Caroline Foot

Personal information
- Full name: Caroline Joy Foot
- National team: Great Britain
- Born: 14 March 1965 (age 61) London, England
- Height: 1.68 m (5 ft 6 in)
- Weight: 63 kg (139 lb; 9.9 st)

Sport
- Sport: Swimming
- Strokes: Butterfly
- Club: York City Baths Club

Medal record
Women's swimming
Representing Great Britain
European Championships (LC)
| Bronze medal – third place | 1997 Seville | 4×100 m medley |
Commonwealth Games
| Silver medal – second place | 1986 Edinburgh | 100 m butterfly |
| Bronze medal – third place | 1998 Kuala Lumpur | 4×100 m medley |

= Caroline Foot =

British swimmer

Caroline Joy Foot (born 14 March 1965) is an English former butterfly swimmer.

==Early life==
Foot attended Millfield School.

==Swimming career==
Foot represented Great Britain at two Summer Olympics: 1988 and 1996. She represented England and won a silver medal in the 100 metres butterfly, at the 1986 Commonwealth Games in Edinburgh, Scotland. Four years later she represented England in the same event, at the 1990 Commonwealth Games in Auckland, New Zealand. A third appearance resulted in 1998 when she participated in the 100 metres butterfly and the medley relay in which she won a bronze medal, at the 1998 Commonwealth Games.

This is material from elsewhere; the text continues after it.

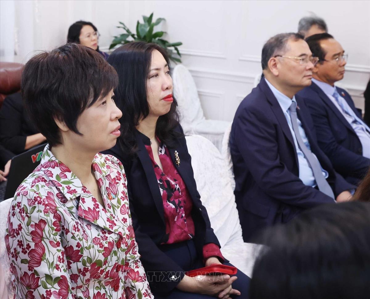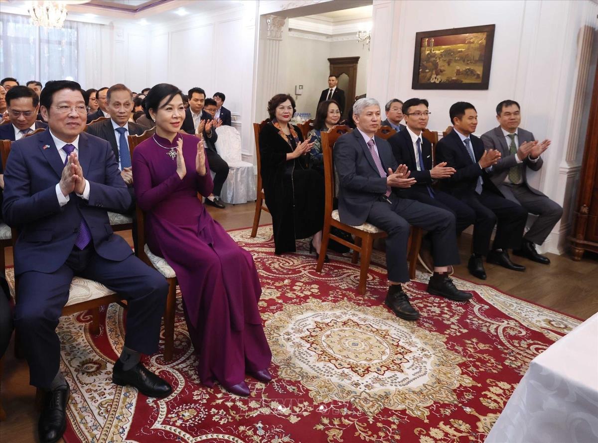 Phu nhân Tổng Bí thư và đại biểu đoàn Việt Nam tham dự buổi gặp gỡ của Tổng Bí thư Tô Lâm với cán bộ Đại sứ quán và cộng đồng người Việt Nam tại Kazakhstan (5/5/2025). Ảnh: Thống Nhất –TTXVN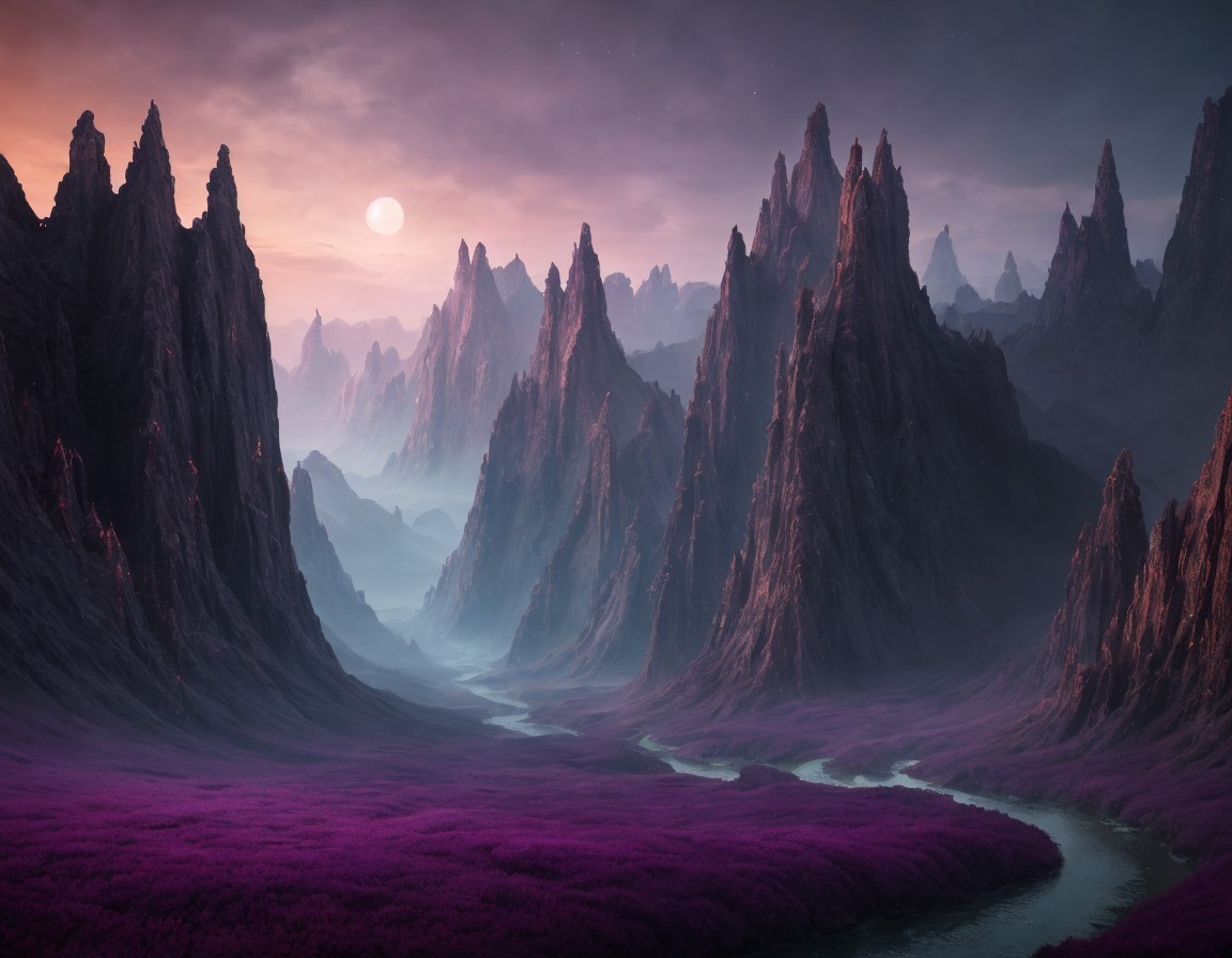 A fantastical landscape with vibrant pink foliage, towering spires, a serene river, and a sunset beneath a sky with multiple moons.

She was a four times winner of the ASA National British Championships 100 metres butterfly (1986, 1995, 1997 and 1998). She also won the 50 metres butterfly title in 1997 and 2000.

A member of swimming club, York City Baths Club, she is known for winning the bronze medal at the 1997 European Championships (LC) in the women's 4×100-metre medley relay, alongside Sarah Price, Jaime King, and Karen Pickering.